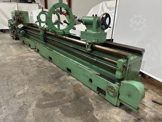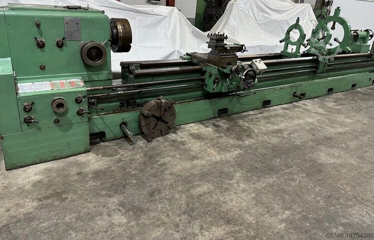 Токарный станок GURUTZPE, модель Super A, расстояние между центрами 6000 мм, диаметр обработки на станине 820 мм, на каретке 550 мм, в вырезе 1150 мм, диаметр хвостовика 82 мм, моторизованная каретка, 16 скоростей 9-500 об/мин, имеет 3 неподвижных люнета.
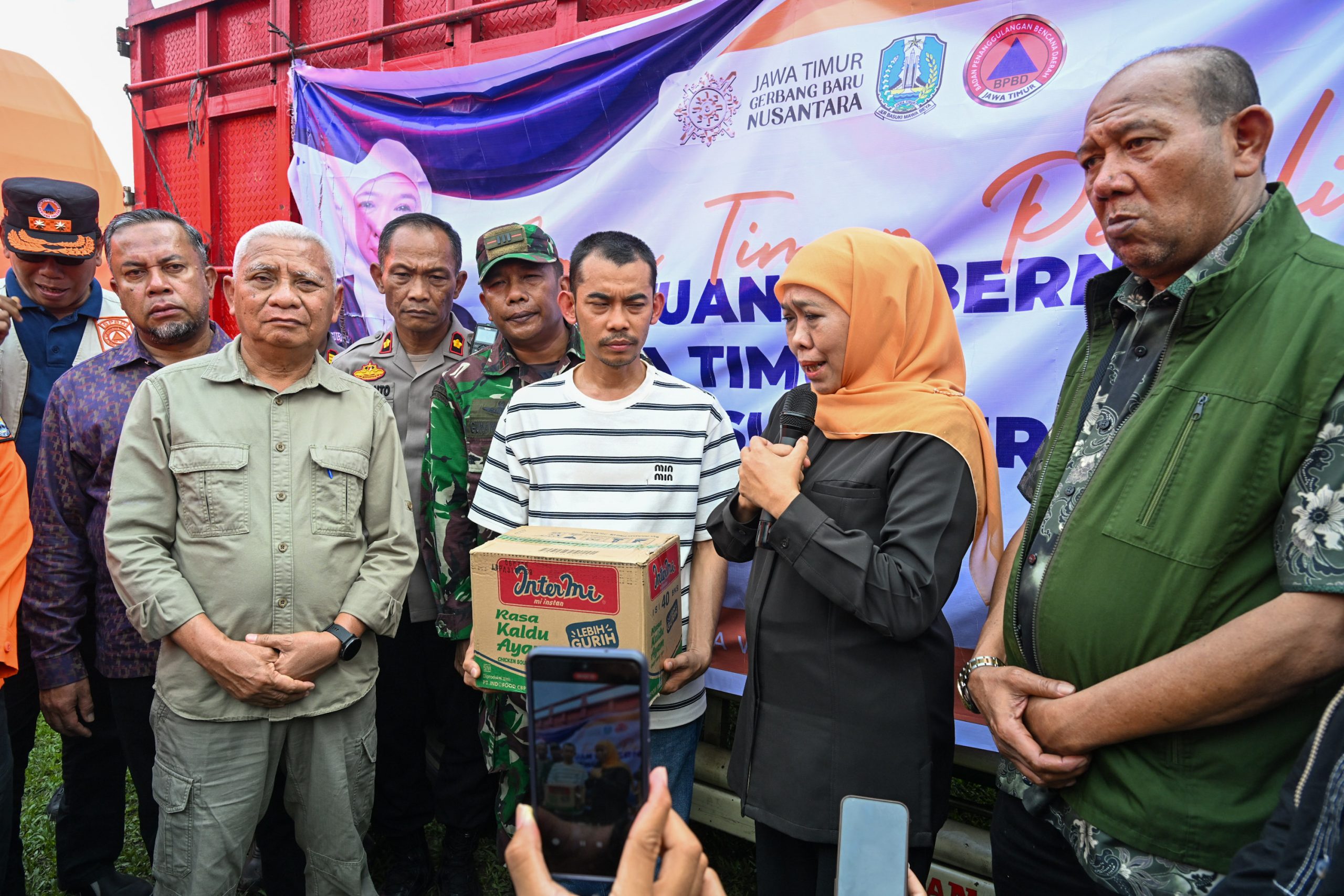 Sementara itu, Gubernur Jatim Khofifah Indar Parawansa turut menyapa para pengungsi dan memberikan penguatan kepada warga.
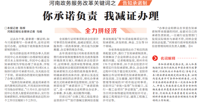 过去办个事,要拿着一摞证明;如今只需要填写一份承诺书,没有证明也可办理。这得益于政务服务告知承诺制的推行。(今日《河南日报》1版)
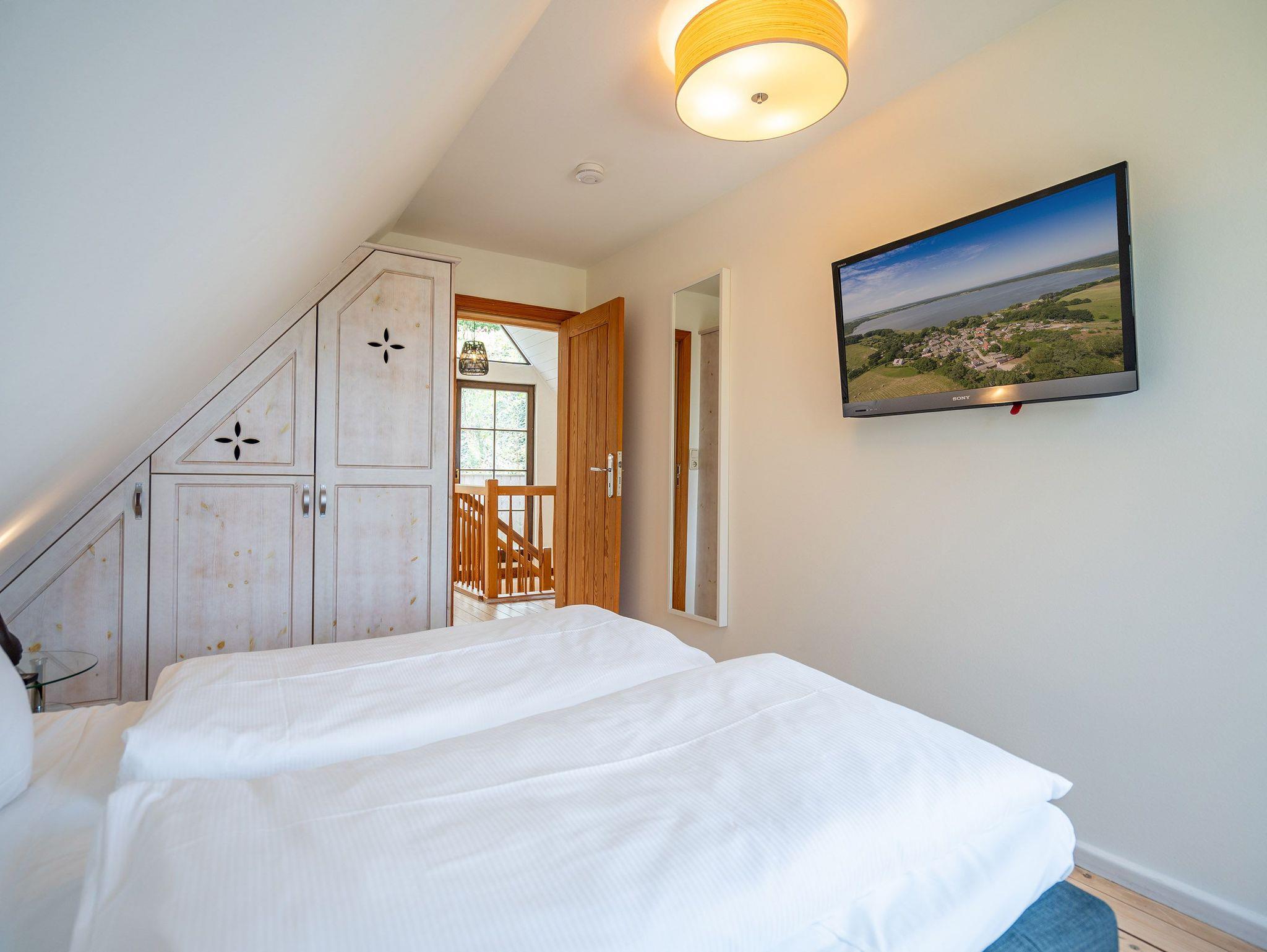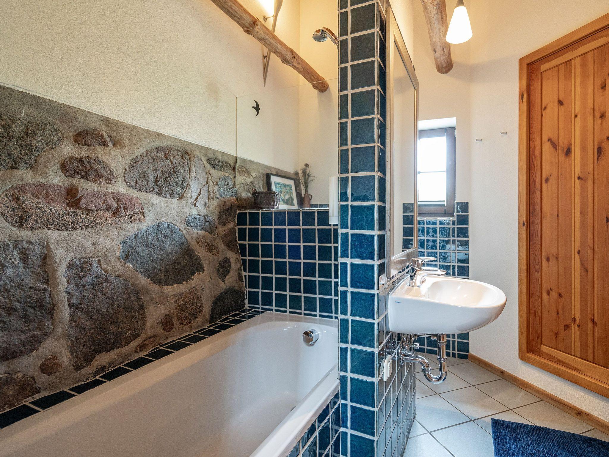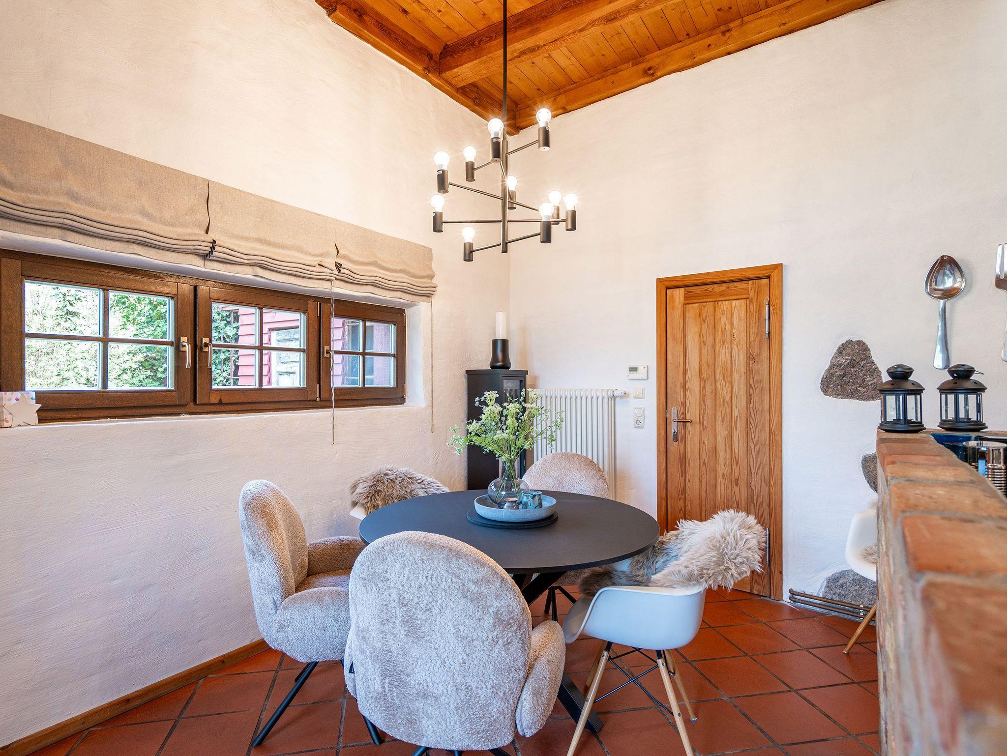 Das großzügige, helle Erdgeschoss ist in Wohnbereich, offene Küche, Bad und Sauna unterteilt. Überall lassen sich hier die alten Feldsteine der ehemaligen Scheune entdecken. Vor dem kuschligen Kamin macht man es sich auf dem Sofa gemütlich. Die offene Küche ist mit allem Komfort ausgestattet, der angrenzende Essplatz sorgt sicher für gesellige Runden, nicht nur beim Essen. Durch einen schwenkbaren Smart-TV müssen Sie auch von hier nicht auf Ihr Lieblingsprogram verzichten. Nach dem Saunagang erfrischt man sich im Bad mit Badewanne. Im Obergeschoss erwarten Sie zwei gemütliche Schlafzimmer mit Boxspringbetten (1x 1,60m und 1x 1,60m + Einzelbett / zusätzlich Flat-TV) die einen erholsamen Schlaf garantieren. Auf der Galerie davor lädt ein gemütlicher Lese- und Spielbereich ein. Und Außen? Ein kleiner Garten, eine Terrasse und eine schöne Holzveranda bieten für jeden Gast einen Rückzugsort zum Erholen im Freien. Auf Wunsch stellen wir für unsere kleinen Gäste ein Kinderreisebett (ohne zusätzliche Matratze [&] Bettzeug) und einen Kinderhochstuhl (gegen einen Aufpreis) zur Verfügung.
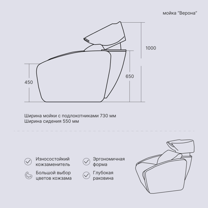 Парикмахерская мойка "Верона" без прострочки - стильное и функциональное решение для вашего салона красоты.
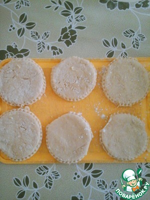 Раскатываем тесто в пласт, толщиной 5-6 мм. и вырезаем формочкой наши коржики.

Work required:
Starting at the line that contains "вашего салона красоты.", write out exactly each line through the last one in the listing above, leaving out the pictures and adding nothing else.

Solution:
 Парикмахерская мойка "Верона" без прострочки - стильное и функциональное решение для вашего салона красоты.
 Раскатываем тесто в пласт, толщиной 5-6 мм. и вырезаем формочкой наши коржики.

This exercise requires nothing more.